Let's get a list of all PQs running on the system. To do this, you must first subscribe to controller updates and then poll the subscription for the controller's current state.
# Create a new subscription to the controller and store it in the `controller_subscription` variable
controller_subscription <- sm$subscribe()
# Poll the controllers current state; the output is TRUE for a successful poll;
# The controller state is stored in the `controller_subscription` object.
controller_subscription$poll()
Output:
[1] TRUE
Once the controller state has been updated, it can be retrieved as a map:
controller_state = controller_subscription$snapshot_map()
print(controller_state)
Output:
[[1]]
NULL
[[2]]
NULL
[[3]]
NULL
[[4]]
NULL
[[5]]
NULL
[[6]]
NULL
$`1725469718910000000`
C++ object <0x55efce6b1ee0> of class 'INTERNAL_PqInfoView' <0x55efcc144d00>
$`1725469718910000001`
C++ object <0x55efce6f1020> of class 'INTERNAL_PqInfoView' <0x55efcc144d00>
$`1725469718910000002`
C++ object <0x55efce6f1040> of class 'INTERNAL_PqInfoView' <0x55efcc144d00>
$`1725469718910000003`
C++ object <0x55efce6f1060> of class 'INTERNAL_PqInfoView' <0x55efcc144d00>
$`1725469718910000004`
C++ object <0x55efce6f11a0> of class 'INTERNAL_PqInfoView' <0x55efcc144d00>
$`1725469718910000029`
C++ object <0x55efce6f12e0> of class 'INTERNAL_PqInfoView' <0x55efcc144d00>
controller_state
maps the PQ serial number string to an S6 INTERNAL_PqInfoView
object containing the information about the PQ.
Run the following to get the current running status for a PQ by serial number:
pq_status = smap[['1725469718910000029']]$state()$status()
print(pq_status == PqStatusEnumValues$PQS_RUNNING)
Output:
[1] 6
[1] TRUE
Note
INTERNAL_PqInfoView
mirrors PersistentQueryInfoMessage in the Core+ gRPC API. See the Core+ gRPC PersistentQueryInfoMessage documentation for details on what data is available.
Built-in R documentation
You can get more information about the Deephaven R client by consulting the built-in R documentation.
In R, you can use the ?
operator to access documentation for any function or package. To do this, simply type ?
followed by the name of the function or package you want to learn about.
For example, to get documentation on the mean
function, type ?mean
in the R console. This command will open the help page for the mean function, providing detailed information on its usage, arguments, and examples.
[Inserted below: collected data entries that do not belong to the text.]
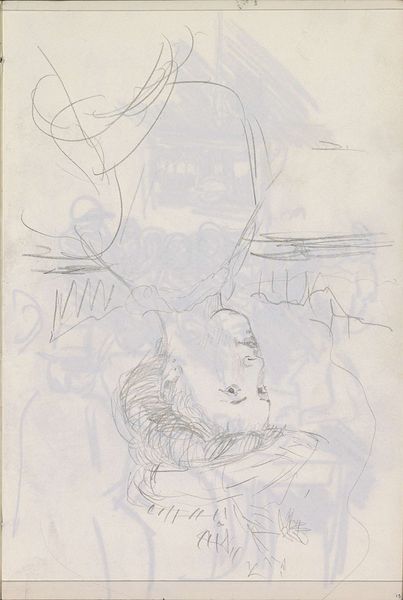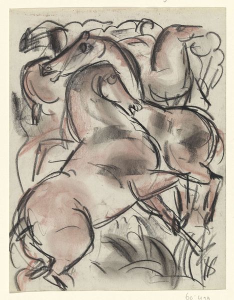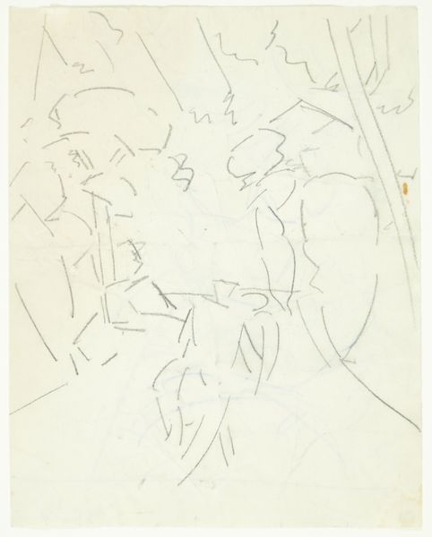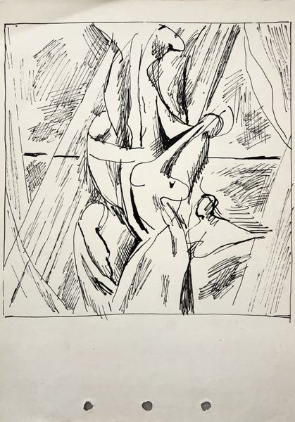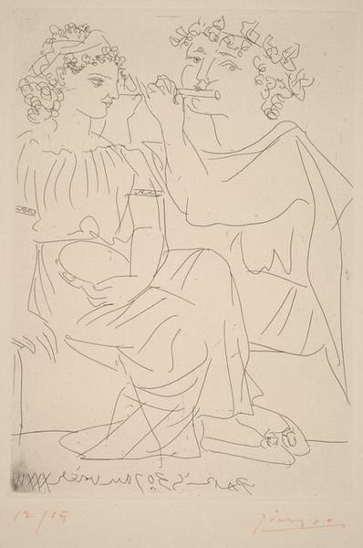 Curator: Immediately, the linework and stark contrast strike me—it's almost violent, raw. Editor: We are looking at "Polyphème", an etching and ink drawing created by Henri Matisse in 1934. It exemplifies the artist's modern style and his ventures into figuration and the nude. Curator: The title suggests a subject rooted in mythology; the one-eyed giant Polyphemus. Looking closer, one discerns the stylized, somewhat abstracted figure, his single eye almost dripping into his monstrous face. It's a disturbing image, unsettling, especially with such a fine and precise line. Editor: Notice how the choice of etching allows for multiple reproductions; This pushes against the preciousness of a unique art object. These prints were more accessible, allowing Matisse’s vision to reach a wider audience, thus affecting the marketplace and broadening the consumption of art. Curator: Precisely! What appears as spontaneity is controlled execution and thoughtful composition. Consider the contrast—areas are filled with gradations of tone, others with delicate linework that delineates the figures. It plays with positive and negative space in a very calculated way. Editor: Let’s not ignore the obvious phallic symbolism represented in this scene. Is Matisse using myth to explore modern desires or simply creating a modern image using available mediums of expression and art history for references? Curator: That contrast between ancient myth and modern process brings a compelling tension to this piece. Seeing the process, the means by which this image was transferred to paper—really allows us to connect with the artist's hand, his labor, and choices at a given moment in the history of artistic practice and production. Editor: This is a potent study in structure and material, showcasing Matisse’s unique balance between primal expression and meticulous execution. The raw aesthetic lends this work incredible power. Curator: Absolutely. The impact and accessibility that printing offered Matisse opens dialogues about how art impacts culture.
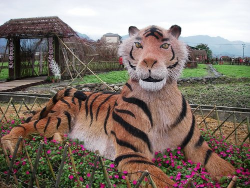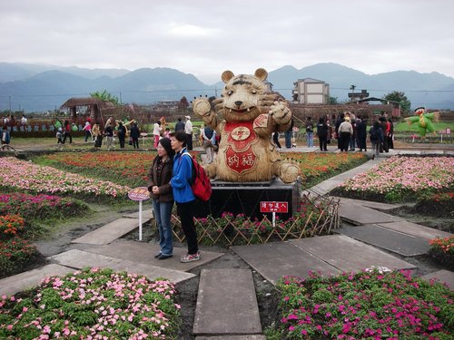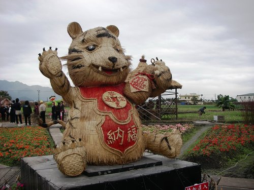 三星加油站對面的銀柳節主題園區,由鄉公所種植景觀綠肥,設計各種裝置藝術,包括稻草虎、稻草人、稻草青蛙、小丑肖像,搭建銀柳隧道、茅草涼亭,園區花卉陸續開花,美不勝收。
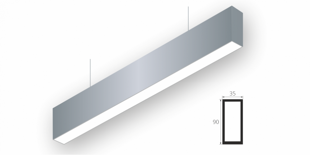 Линейный светодиодный Подвесной светильник LiNE-Pro 90x35 2000mm 40W 6000K Серый предназначен для подвесного монтажа на тросовые подвесы. Изготовлен из алюминиевого профиля длиной 2000 мм, мощностью 40 Вт c цветовой температурой 6000 K, цвет корпуса Серый. Высота установки светильника регулируется подвесом с цанговым тросовым зажимом и может варьироваться от 0,05 метра до 4 метров от основного потолка. Линейный светильник может использоваться для реечных потолков. Светильник имеет равномерную засветку по всей площади рассеивателя. Источник питания находится внутри корпуса. Торцевые заглушки входят в комплект.
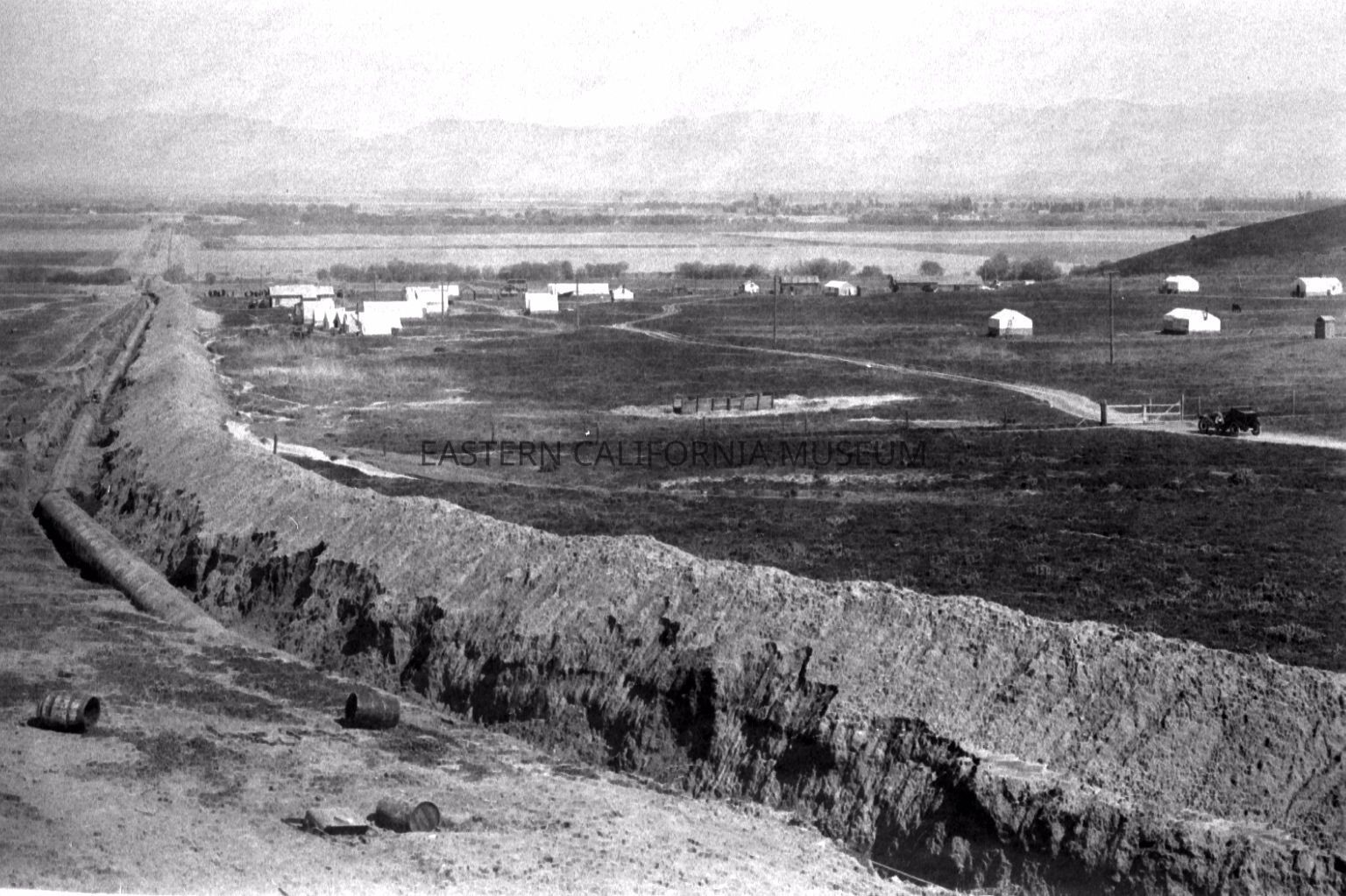 B & W digital scan of LA Aqueduct Concrete?Siphon lying in exposed Trench, location unknown (may be Antelope Valley Siphon.) Aqueduct Construction Camp spread across upper part of image.Collection

Similarly, to access documentation for a specific package, type ?package_name
.
This method is a quick and efficient way to access R's extensive built-in documentation and learn more about the functions and packages you are using.
Try this:
library("rdnd")
library("rdeephaven")
?rdnd
?rdeephaven
?SessionManager
?PqConfigBuilder
?DndClient
?Client
?Table
Additionally, you can use the ls
method to list all of the methods and fields on an object:
ls(sm)
ls(session)
ls(t)
Cleanup
Once you are done with a client session or session manager, call the respective close
method.
This will ensure that all network connections are closed and all server-side resources associated with the object are released.
session$close()
pq_session$close()
sm$close()
Caution
Once the close
method is called on a client session or session manager, any subsequent operation results in an error.